Thanks for the pointer today to For trainers/Sample sessions - did you say there are sample powerpoints somewhere which can be adapted.?— Rod talk 15:48, 1 September 2018 (UTC)

Hi Rod, good to see you again. I never use Powerpoint; everything I project onto a screen is live images from a browser. The idea is that you or an assistant demonstrate the edit and the trainees can copy or modify what you've done. If you want pre-made materials, follow the links from https://outreachdashboard.wmflabs.org/training. There's loads of stuff linked there, but the quality is uneven, and there are far too many unwarranted assumptions made about how people learn. You may find some gems among the rest of the stuff, though. Cheers --RexxS (talk) 19:03, 1 September 2018 (UTC)
Thanks - I've made a start at https://outreachdashboard.wmflabs.org/courses/Winchester_University/Medieval_History_Wikimedia_in_the_Classroom/home including finding relevant articles. I don't yet have the list of participants, but you said something about having a "right" to overcome the problems with getting "autoconfirmed" - could you remind me what I need to do for this.— Rod talk 11:52, 2 September 2018 (UTC)
Hi Rod, have a look at Wikipedia:Event coordinator for the issues involved. It's a right you should probably have if you're going to be doing these sort of outreach events. You can apply at Wikipedia:Requests for permissions/Event coordinator, although if you have all of the course participants with registered Wikipedia accounts four or five days before they start editing, you won't need the ability to "confirm" them. If there's someone who missed out, I can always be contacted to do the confirmation remotely – you have my mobile phone number on my card. Cheers --RexxS (talk) 20:31, 2 September 2018 (UTC)

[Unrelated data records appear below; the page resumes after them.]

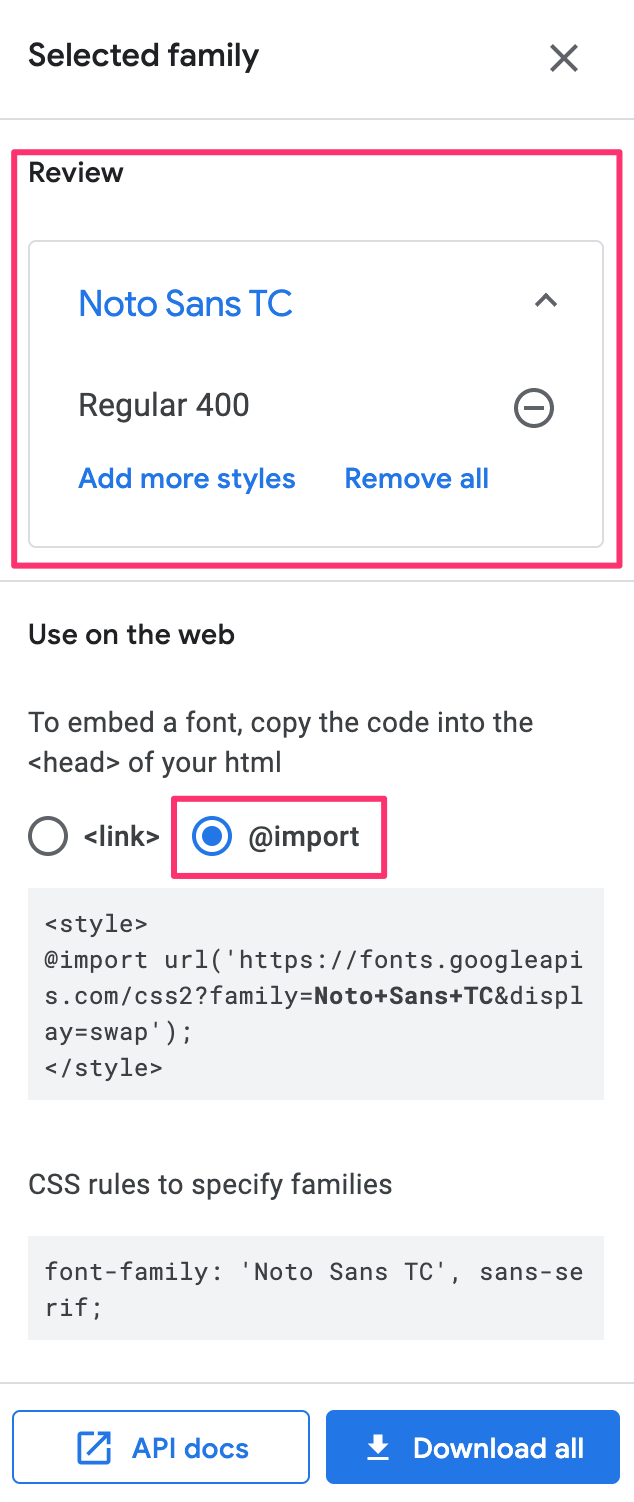 請勾選 @import 選項,下方會顯示待會要用到的 CSS 語法。這個 @import 語法會從 Google Fonts 載入您選擇的字型。
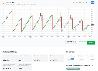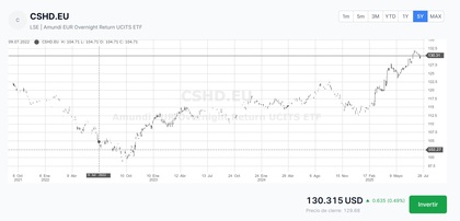 Man könnte sagen, dass es sich als ideal erweist, um unser Bargeld zu einem leicht höheren Zinssatz als bei verzinsten Konten zu belohnen, mit vollständiger Liquidität und ohne Bindungsvereinbarung, da wir den ETF jederzeit verlassen können - was bei Einlagen oder Fondsanlagen normalerweise nicht der Fall ist.
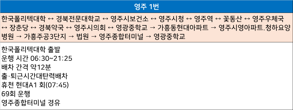 영주 1번: 한국폴리텍대학 ↔ 경북전문대학교 ↔ 영주시보건소 ↔ 영주시청 ↔ 영주역 ↔ 꽃동산 ↔ 영주우체국 ↔ 장춘당 ↔ 경북약국 ↔ 영주시의회 ↔ 영광중학교 → 가흥동현대아파트 → 영주시영아파트.청하요양병원 → 가흥주공3단지 → 법원 → 영주종합터미널 → 영광중학교
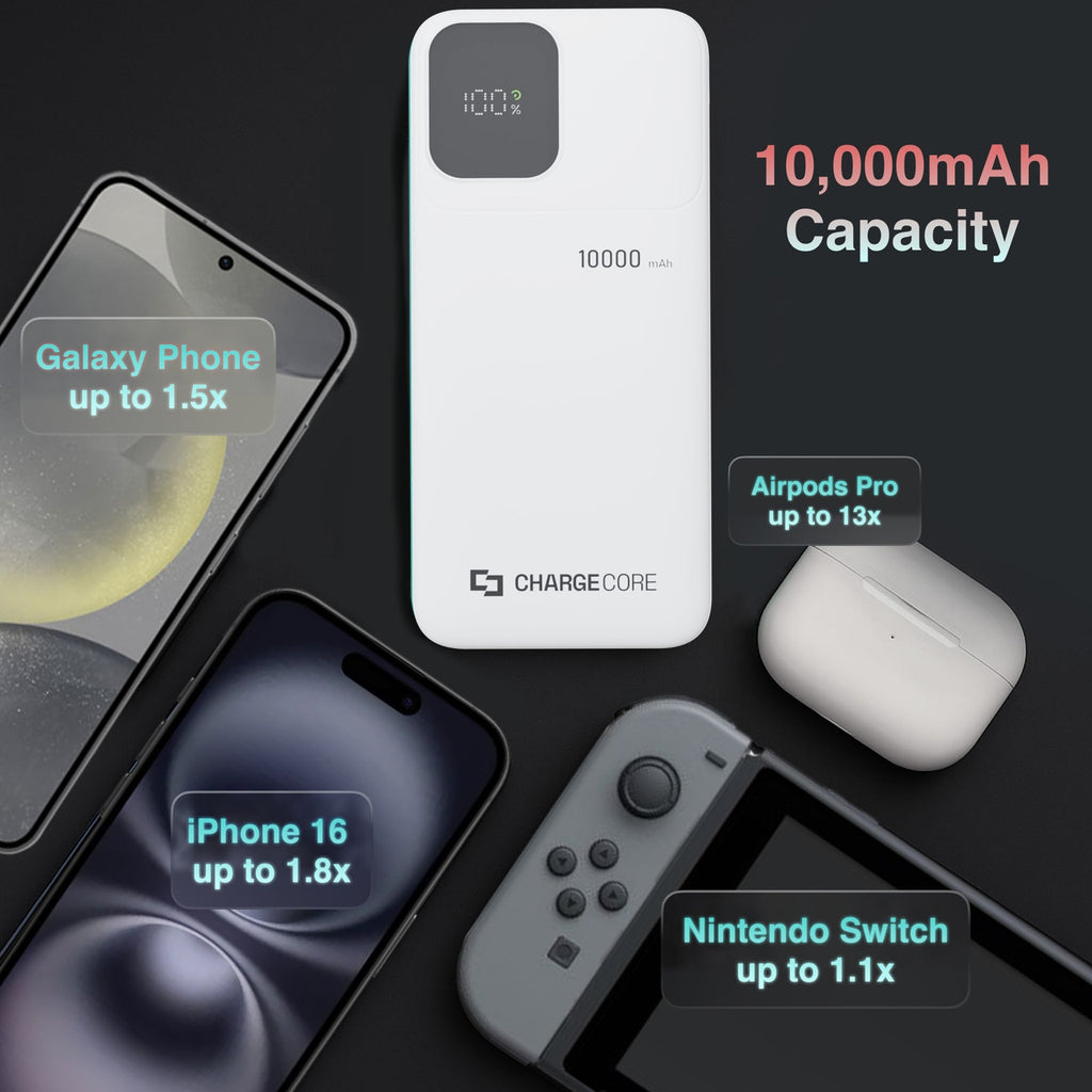 Charge your iPhone, iPad, Android, or Nintendo Switch all from one power bank. No extra chargers. No extra weight.
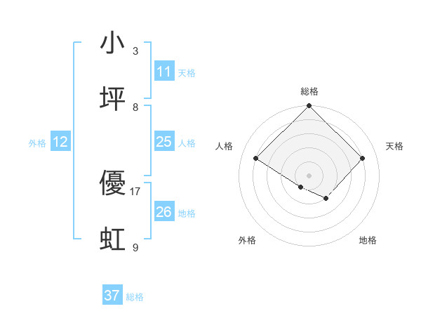 小坪 優虹さんを姓名の画数から五運を鑑定
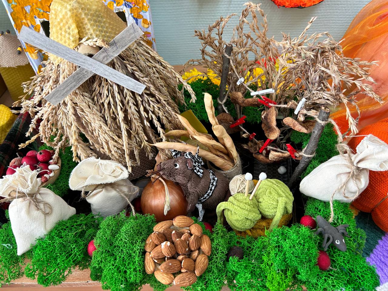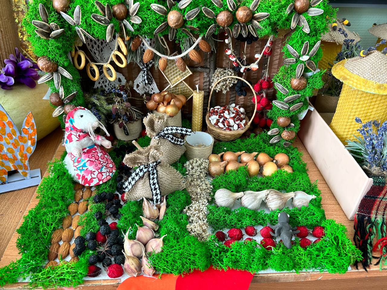 Выставка представляла собой поделки и композиции из овощей, фруктов, шишек, листьев, цветов и других видов природного материала.
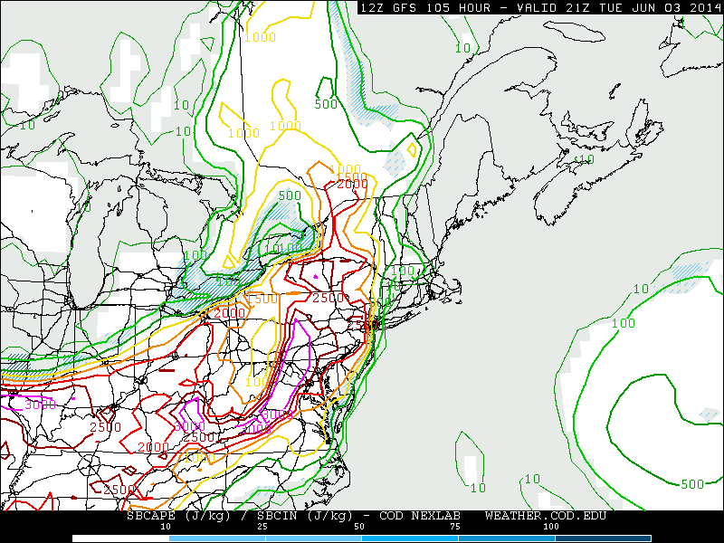 Today’s GFS model valid for Tuesday afternoon shows high surface-based CAPE (Convective Available Potential Energy), which essentially measures how much energy and instability the atmosphere has to produce thunderstorms. Any value over 1,500 J/KG can lead to severe thunderstorms (weather.cod.edu).
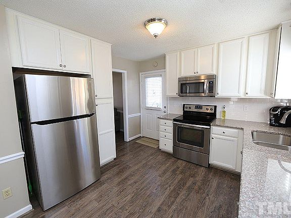 A lot of bang for your buck with this fabulously updated home in desirable Neuse Crossing. Recently renovated kitchen sparkles with stainless steel appliances, granite counters and white cabinets. The downstairs features a contemporary open floor plan. Brand new deck in 2020. Fresh paint & new roof in 2017, new HVAC and water heater in 2016. Backyard features extra high fence for privacy. The popular 33-mile Neuse River Greenway is just around the corner at Horseshoe Farm Rd. Easy access to I-540 and RTP.
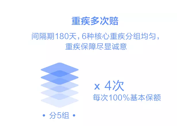 與其他多次賠付重大疾病保險一樣,嚴重疾病也被分組,108種嚴重疾病分為5組,可以補償4次。
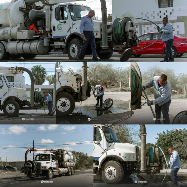 Como parte de estas acciones, personal del área de vactor de la Junta de Aguas y Drenajes, acudió a la colonia Leyes de Colonos, donde se realizaron trabajos de desazolve en las líneas de drenaje sanitario, atendiendo puntos con acumulación de aguas residuales.
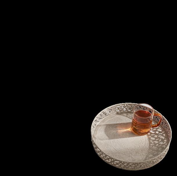 kovinski, z izrezljanim detajlom na robu in reliefnim vzorcem na dnu, premer: 30 cm, višina: 5 cm
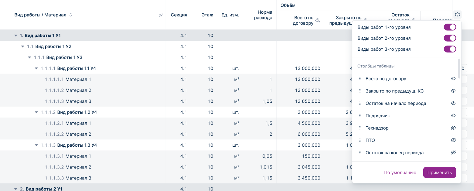 Все настройки, связанные с конфигурированием системы, будут сохраняться в рамках текущего акта. Для сброса всех настроек нужно нажать на кнопку «По умолчанию» в блоке «Настройки».
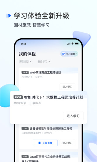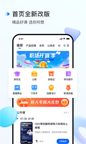 开课吧app苹果版是一款非常受欢迎的职业学习软件。开课吧app苹果版这里拥有非常多样的课程内容等你来选择,不论是职业能力提升还是学历提升,或者职业资格考试备考等都有提供,多样的课程满足用户的不同需求,获得更好的学习服务。
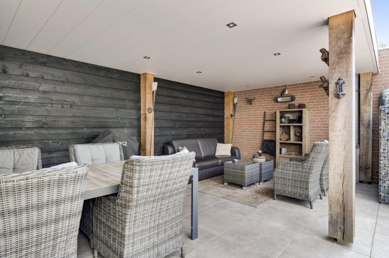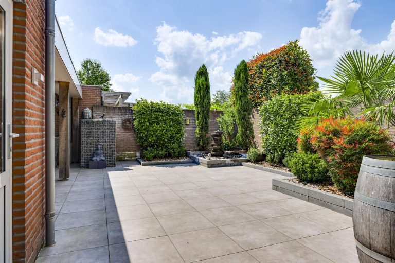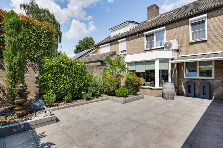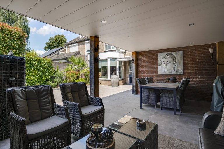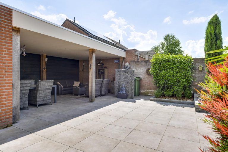 Zowel de voor- als achtertuin zijn op nieuw aangelegd in 2017. De voortuin is door het gebruik van kunstgras onderhoudsarm en biedt een oprit met ruimte voor 2 auto’s. De achtertuin is gelegen op het zonnige zuidwesten, is eveneens onderhoudsarm aangelegd en voorzien van tegels en plantenbakken. De zonneluifel bij de aanbouw, maar vooral de royale douglashouten tuinoverkapping bieden in de zomer de gewenste schaduwplekken. Hier kunt u van vroeg in het voorjaar tot laat in het najaar heerlijk beschut zitten.

WiR Programme, Health Service Executive Ireland.

Hi Doug,

Just dropping a note to thank you very much for our excellent conversation earlier today. The discussion was quite illuminating and so helpful. Looking forward to working together. Ngdomara (talk) 12:21, 3 September 2018 (UTC)

Sandringham House

Much appreciated. I have to say I am finding this one of my more challenging FACs! All the best. KJP1 (talk) 15:25, 7 September 2018 (UTC)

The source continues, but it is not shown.